游長海坐在距離冀星洲三米遠的地方, 靜靜地看著他吐出一堆穢物。

吐完,冀星洲漱漱嘴,感覺好多了, 但宿醉帶來的頭疼, 仍鮮明得像腦袋被從天而降的石頭砸中留下的後遺癥。

“它們灌你,你得學著拒絕啊, 不能他們說什麽就是什麽。”

游長海按下輪椅扶手的開關,操縱著輪椅自動走到冀星洲身邊。

冀星洲眼皮沈重地耷拉著,腦袋昏沈,思緒仿如損壞的鐘表般幾近停滯:“給你們添麻煩了,抱歉。”

“沒什麽好抱歉的。”游長海手背撐著下巴, 歪頭看他。

穿過的來的日子, 他一直將冀星洲當做那個書中描述的天之驕子。

認為大機緣會毫無理由地從天而降, 效仿餡餅砸中他的頭頂;那些在各個領域發光發熱,聲名遠揚之人只要一站在他身邊,就會自動淪為他的陪襯;所有在旁人看來不可能克服的挫折, 他也能輕而易舉地克服。

這所有的所有,不就是一個龍傲天升級流大男主小說裏, 一個主角標配的能力和待遇嗎?

但昨天,這位理應無所不能的“男主”, 正因為不會拒酒, 離開酒樓後醉倒在路邊, 並且方才吐得稀裏嘩啦。

此時, 冀星洲正狼狽地蹲在地上。

游長海此時此刻,終於從這個人身上體會到真真正正屬於活人的實感。

他不會拒酒,因為他不曾經歷過。

只要那些在酒場中游過幾圈,攢了些心得的人, 輕飄飄扣幾頂帽子在他頭上,他就不得不違背自己的意願,乖乖喝下杯中會迷醉意識,甚至令人腸穿肚爛的酒液。

令人作嘔的酒桌文化。

“下次要學會拒絕。”游長海遞了一塊毛巾給他擦臉。“睡個回籠覺再走吧。”

冀星洲接過毛巾,攤開了捂在臉上,過了好一會兒才悶悶地說:“謝謝,下一次我會的。”

緊接著,他又將臉從毛巾裏擡起來,仰面問:“你可以教教我嗎?”

游長海垂眸,蹲在地上的人半睜著眼,這樣一個簡單的動作仿佛都用盡了力氣,冀星洲喝酒倒是不上臉,睡過一覺臉上基本看不出什麽痕跡。
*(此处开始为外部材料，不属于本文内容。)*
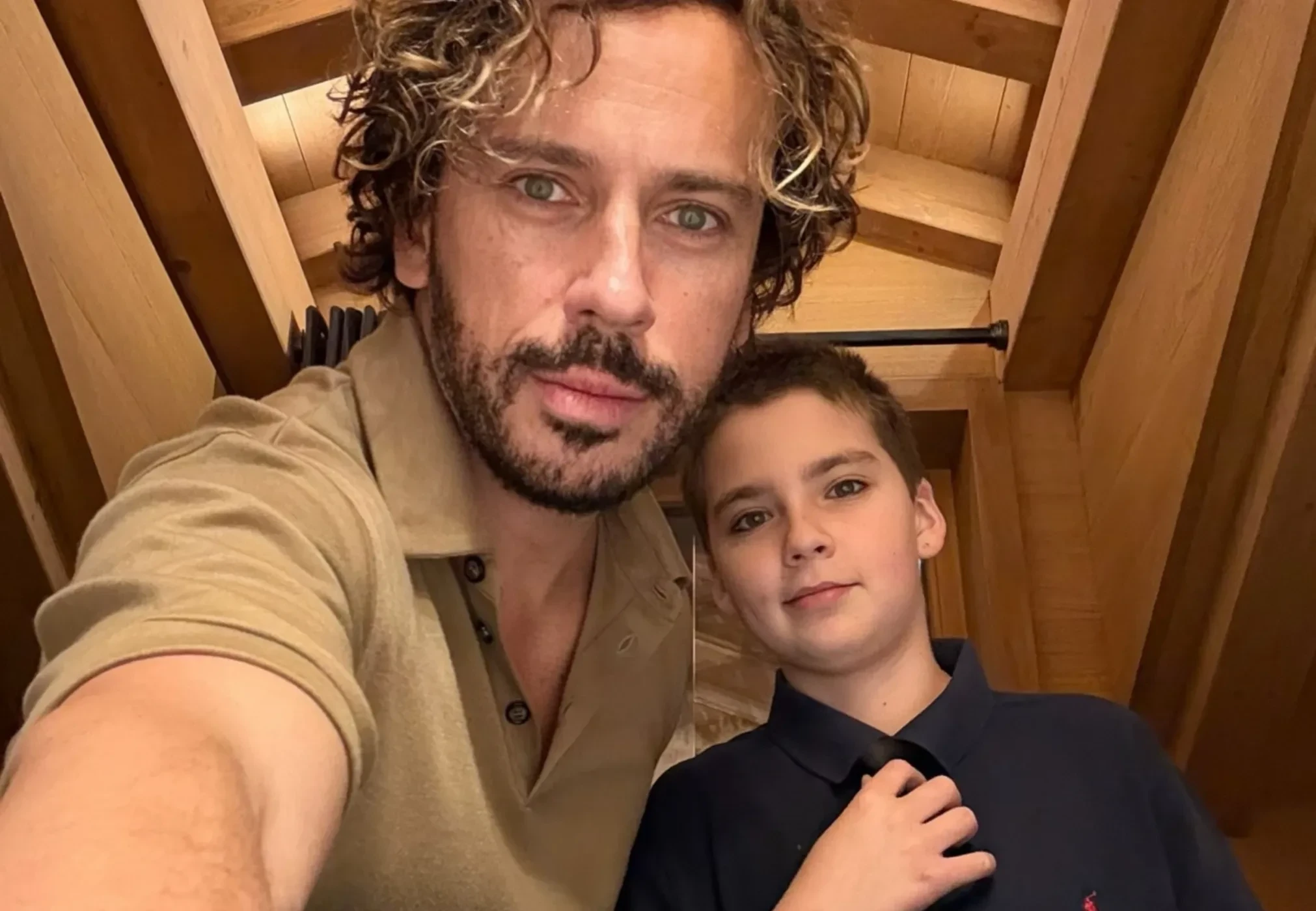 На снимке 12-летний Гарри, который ранее не так охотно снимался, позирует рядом с отцом в синей рубашке Ralph Lauren и чёрном галстуке. В подборку Галкин* также добавил кадр, где он отдельно запечатлён за большим праздничным столом, а также фото украшенных гирляндами елей. Вместо подписи пародист оставил эмодзи с солнечными очками.
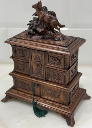 Antigua y espectacular caja joyero de estilo selva negra, original de Alemania de la segunda mitad del siglo XIX realizada en madera de Roble con motivos florales y animales de la propia madera tallada finamente, con precioso interior con cajones y uno inferior forrados en terciopelo verde y buen estado de conservación para su antigüedad. Sistema de cierre funcional de época y llave.Pieza con preciosa pátina del tiempo.Véanse las fotografías para hacerse una mejor idea de los detalles que forman parte de la descripción.Medidas: 30,5 cms alto, 23,5 cms ancho y 15 cms fondo. ENVIAMOS CON TRANSPORTE Y EMBALAJE PROFESIONAL.

他問出這句話的時候,游長海心中升起一股新奇又快意的感覺。

是男主在向我求助哎!

他的虛榮心在這一瞬間得到了極大滿足。

“沒問題!”

身為一個沒有任何背景,只能自己摸爬滾打,在酒桌上過關斬將拿下客戶的人,他可以自豪地說,他在這方面經驗很豐富。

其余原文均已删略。